## Coins on a Chessboard

There is a room with a chessboard inside. On each of its 64 squares, there is placed a coin, either heads up or heads down. You enter the room and a person inside points towards one special square on the chessboard and gives you the chance to flip one of the coins (whichever you choose). Then you leave the room, your friend enters and has to guess which was the special square on the chessboard. If you two could devise a plan before entering the room, how would you make sure your friend always guesses correctly which is the special square?

First, you must enumerate the coins with numbers from 1 to 64, locate the mystery coin, and calculate the binary representation of its number, padded with zeros on the left to 6 digits length. For example, if the mystery coin is the 5th one on the 4th row, its number would be 29 and will have a binary representation 011101. Then, consider the following sets of coins:

A1 = {row 1, row 2, row 3, row 4}
A2 = {row 1, row 2, row 5, row 6}
A3 = {row 1, row 3, row 5, row 7}
A4 = {column 1, column 2, column 3, column 4}
A5 = {column 1, column 2, column 5, column 6}
A6 = {column 1, column 3, column 5, column 7}

Now, the strategy is to flip the coin which makes the parity of heads in set Ai odd if and only if the i-th digit in the binary representation of the mystery coin is 1. It is easy to check that this is always a possible thing to do.

## The Majority Name

In a long list of names, one of the names appears more than half of the time. You will be read the names one at a time, without knowing how many they are, and without being able to write them down. If you have a very weak memory, how can you figure out which is the majority name?

Remember the first name and then keep track of whether it has been repeated more than half of the time. To do that, simply add 1 if you hear the name or subtract one when you hear another name. If the list finishes and your counter is positive, then the first name is the majority. If your counter drops to 0, simply restart the procedure with the next name you hear.

This algorithm, invented by R. Boyer and J. Moore, works, because if the counter ends up at 0, then each of the names up to that moment has been read at most half of the time. Therefore, the majority name appears more than half of the time in the remainder of the list.

## Ambiguous Clock

The hands of my alarm clock are indistinguishable. How many times throughout the day their positioning is such that one cannot figure out which is the hour hand and which is the minute hand?

Remark: AM-PM is not important.

Imagine that you have a third hand which moves 12 times as fast as the minute hand. Then, at any time, if the hour hand moves to the location of the minute hand, the minute hand will move to the location of the imaginary hand. Therefore, our task is to find the number of times during the day when the hour hand and the imaginary hand are on top of each other, and the minute hand is not.
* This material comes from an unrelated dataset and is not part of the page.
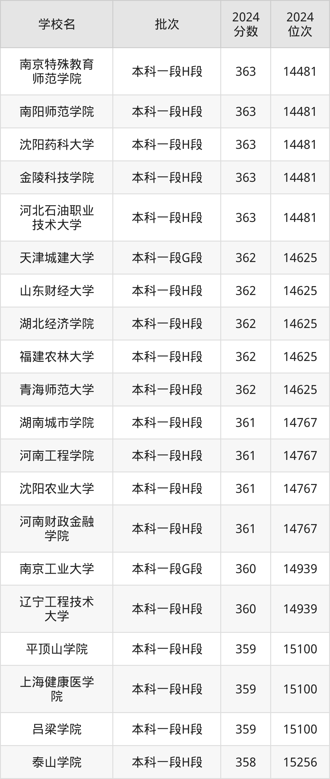 这些都是2025年高考文科8364名~8424名考生可以报考的大学,更多学校名单如下表所示:

Since the imaginary hand moves 144 times faster than the hour hand, the two hands are on top of each other exactly 143 times between 12AM and 12PM. Out of these 143 times, 11 times all three arrows are on top of each other. Therefore, we have 2 × (143 – 11) = 264 times when we cannot figure out the exact time during the entire 24-hour cycle.

## Vectors -1, 0, 1

Consider all 1024 vectors in a 10-dimensional space with elements ±1. Show that if you change some of the elements of some of the vectors to 0, you can still choose a few vectors, such that their sum is equal to the 0-vector.

Denote the 1024 vectors with ui and their transformations with f(ui). Create a graph with 1024 nodes, labeled with ui. Then, for every node ui, create a directed edge from ui to ui-2f(ui). This is a valid construction, since the vector ui-2f(ui) has elements -1, 0, and 1 only. In the resulting graph, there is a cycle:

v1 ⇾ v2 ⇾ … ⇾ vk ⇾ v1.

Now, if we pick the (transformed) vectors from this cycle, their sum is the 0-vector:

f(v1) + f(v2) + … + f(vk) = (v2 – v1)/2 + (v3 – v2)/2 + … + (v1 – vk)/2 = 0.

## Odd Rectangle

The sides of a rectangle have lengths which are odd numbers. The rectangle is split into smaller rectangles with sides which have integer lengths. Show that there is a small rectangle, such that all distances between its sides and the sides of the large rectangle have the same parity, i.e. they are all even or they are all odd.

Source: Shortlist IMO 2017

Split the large rectangle into small 1×1 squares and color it in black and white, chessboard-style, such that the four corner squares are black. Since the large rectangle has more black squares than white squares, one of the smaller rectangles also must have more black squares than white squares. Therefore, the four corners of that smaller rectangle are all black. Then, it is easy to see that all distances between its sides and the sides of the large rectangle have the same parity.